Posted in Academic publishing | 2 Comments

Why do we have volumes, issues, and page numbers?

Posted on November 7, 2023 by kevin.mccurley

Now that almost all academic publishing has moved online, there are a lot of assumptions that start to look silly with time. The whole notion of a “Periodical” doesn’t make much sense. Traditionally it meant articles that were bound together and published on a regular interval (e.g., daily, weekly, monthly, or quarterly). The reason they were published on a schedule is that they were bound together as a block of paper, and then those packages were physically shipped to readers. We still cling to this publishing culture in many ways.

These bound issues of a journal were a very strong part of my academic career. When I was in graduate school I would stop by the mathematics library every day and visit the rack against the wall to see what issues had just arrived. That was how you found out about most new mathematical research (that photo below is the room in Altgeld Hall at the University of Illinois).

Now that we no longer bind things into issues, we still cling to the periodic publication of “issues” of journals. This is baked into the review process for the new journal Communications in Cryptology, but it’s also baked into the culture of IACR Transactions on Symmetric Cryptology (ToSC) and IACR Transactions on Cryptographic Hardware and Embedded Systems (TCHES). Papers are submitted on a deadline for an issue, and then the papers for that issue are reviewed by a committee, producing a list of accepted papers for the issue as a synchronous action.

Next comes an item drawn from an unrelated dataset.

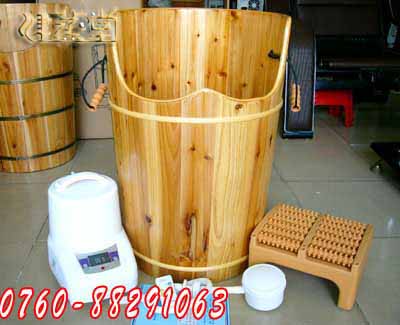 产品说明:*中山健蒸堂-是国内南方地区最大最全的蒸足桶、蒸脚桶、蒸身箱及熏蒸用品的销售企业,欢迎你的到来* 额定功率:850W 额定电压:220V 8档位温度调节配置:直径42CM、高62CM、厚1.5CM分子炭化木桶+蒸汽机+硅胶连接管+圆柱六排滚珠大脚踏凳包装规格:43CM×43CM×63CM 有遥控,可自由调节温度及时间 功效与原理:(特别指出,经过分子炭化后的木桶色泽亮丽,结实耐用,使用起来一点都不亚于香柏木桶) 熏蒸疗法主要作用于人体的皮肤和官窍,所以对各种病在皮肤的病症和五官九窍的各种病症尤为适宜.皮肤是人体最大的器官,除有抵御外邪侵袭保护自身作用外,还有内分泌、吸收、渗透、排泄、感觉等多种功能。中医熏蒸就是利用皮肤这些生理特性,使药物通过皮肤表层吸收,角质层渗透和真皮层转运进入血液循环而发挥药效。按中医理论而言,熏蒸法采用由下而上的循行途径,通过渗透穴位,疏通经络,益气养血,以调节机体阴阳平衡。 熏蒸的温度又能增强吸收的效果。皮肤的吸收渗透与温度有关,中医熏蒸的温热刺激使皮肤温度长高,毛细血管扩张,促进血液及淋巴液
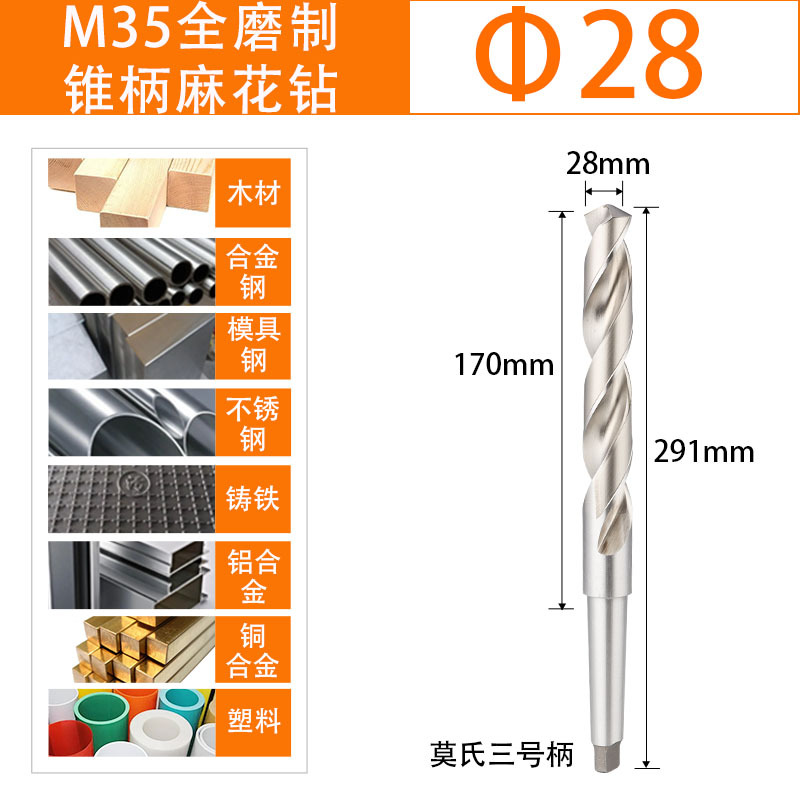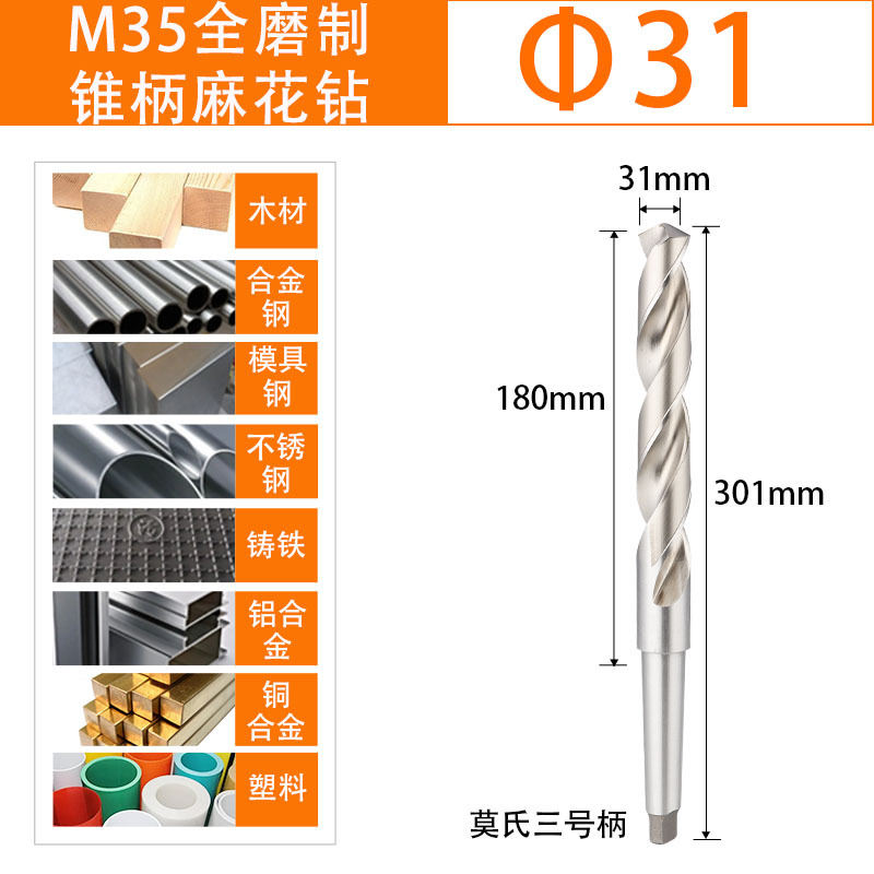 M35 코발트 함유 콘 핸들 트위스트 드릴 스테인레스 스틸 고속 강철 모스 드릴 비트 펀칭 터닝 헤드 고경도 확장스토어 가기

Because we are using this method of reviewing, it makes some sense for us to talk about “issues” of a journal. The fact remains that once a paper is accepted, the author(s) still have to produce their final version and go through a copy editing phase. There’s no particular reason for this to proceed on a synchronous schedule for the issue, so it’s possible that one paper in the issue might be published before another. Journal issues need not operate like trains, with all of the cars showing up at the same time. For some reason we persist with this.

Then there is the issue of why we have “volumes”. Why would we collect several issues together into a volume? Traditionally the notion of a “volume” corresponds to the year that it is published ToSC and TCHES even number their volumes as the year, but oddly some papers in volume 2023 were published in 2022 and Volume 2019, Issue 4 of ToSC was published in 2020. I guess since volumes don’t align exactly to years, we shouldn’t number them by the year. In fact, I would argue that we don’t need volumes at all since volume # and year # are redundant in a bibliographic reference.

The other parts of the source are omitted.